Abstract
In this thesis I have participated in an action research project in South Africa and Mozambique within their respective public health care. The “replication” of a system from one country to another, presents a wealth of problems. In this thesis a research is done in the context of the transfer of a routine health information reporting system from South Africa to Mozambique. This process requires adaptation of the system to the new context. Part of this context is the already existing legacy systems as entangled parts of a larger information infrastructure. The existing legacy systems consist of institutionalized routines in existence, and an objective of the new system is to deinstitutionalize these, and institutionalize new organizational routines. This effort is in conflict with the installed base that includes the old legacy systems. To understand the tensions that arise as part of the effort necessary to align the new systems to the installed base, legacy theory will be used and evaluated.
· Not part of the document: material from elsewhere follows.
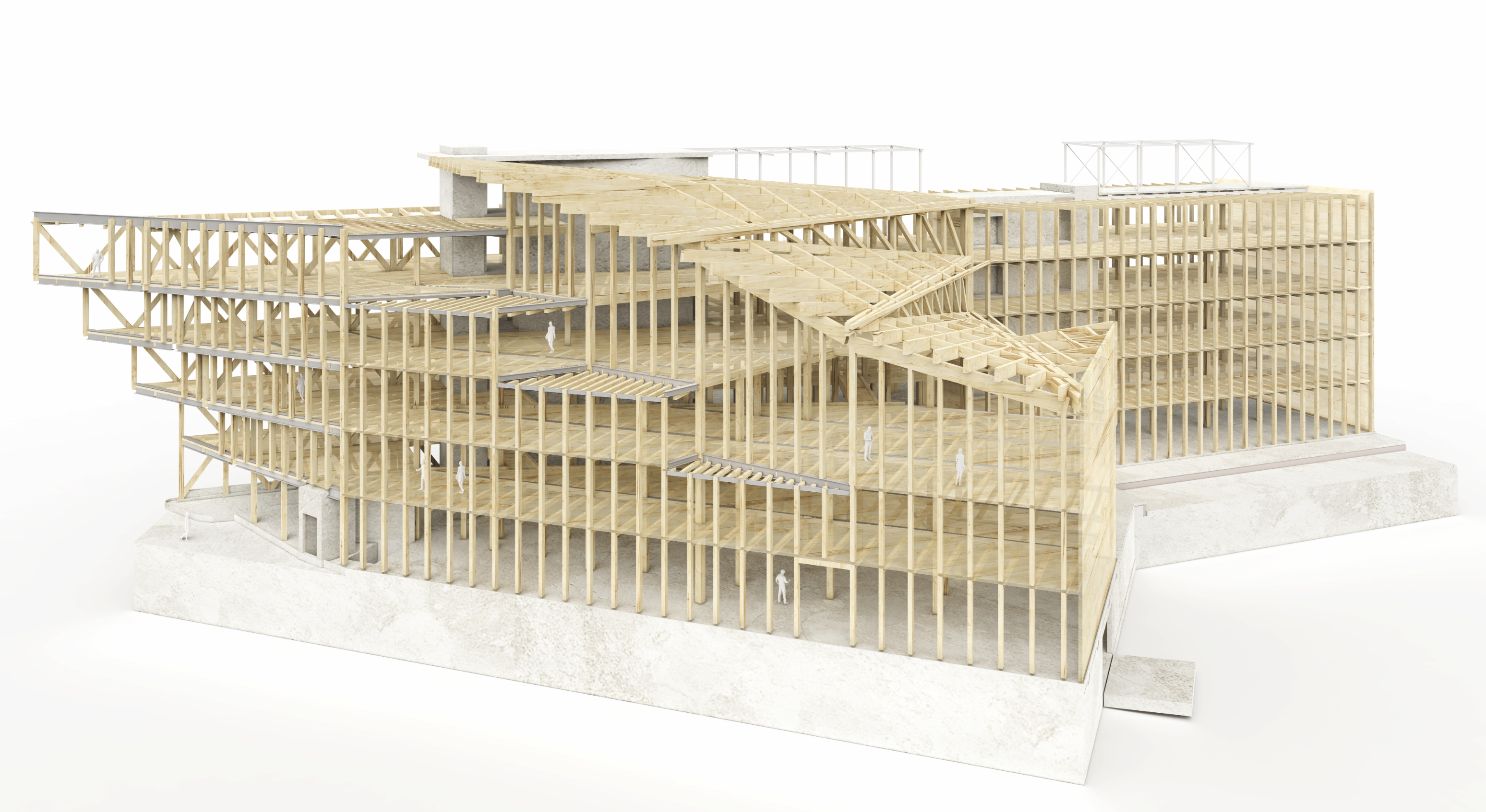 Approche environnementale : L’ensemble du bois a été fourni par l’ONF un an avant le début du chantier. Les grumes, livrées bord de route, ont été transformés par des scieurs de l’est et l’ouest de la France. L’utilisation du bois assure au bâtiment une performance carbone exemplaire (E3C2), combinant l’excellence environnementale au chapitre déjà long des atouts de ce matériau renouvelable. Dès la conception du bâtiment, le groupement de maîtrise d’œuvre s’est également engagé sur la vertuosité de cycle de vie de l’édifice, sur ses performances énergétiques, son entretien et sa maintenance.

Legacy systems theory has several methods for connecting the old to the new. One method is target database population, which consists of populating the new system with data from existing legacy systems by importing. As part of this thesis, a tool was developed to automate parts of the import process. The import process was highly complex and time consuming due to several legacy properties found in the existing systems; primarily lack of documentation, lack of interfaces and the general poor state of the existing systems. Data stored in the existing systems were found to be redundant, inconsistent, non-uniform and ambiguous. The tool is evaluated as a change tool in the context of legacy systems and information infrastructure theories. There are two steps in the use of the tool; import of data, enabling data previously hidden and unavailable to become visible, and analysis of the imported data to analysis and evaluate the existing systems. However, the tool was not found to act as a gateway, this due to lack of sustainability and support for continuous data import.
The existing systems and infrastructure is after completion of the import process evaluated by analyzing the data in the new system. The objective of the evaluation is to show the need for change of the health information systems within the organization. Several shortcomings of the existing systems emerged, including lack of flexibility, lack of integration, extensive fragmentation, problems in data collection, analysis and the use of data. There were also lack of conditions to enable new routines, sharing of information, and support for the heterogeneous user community.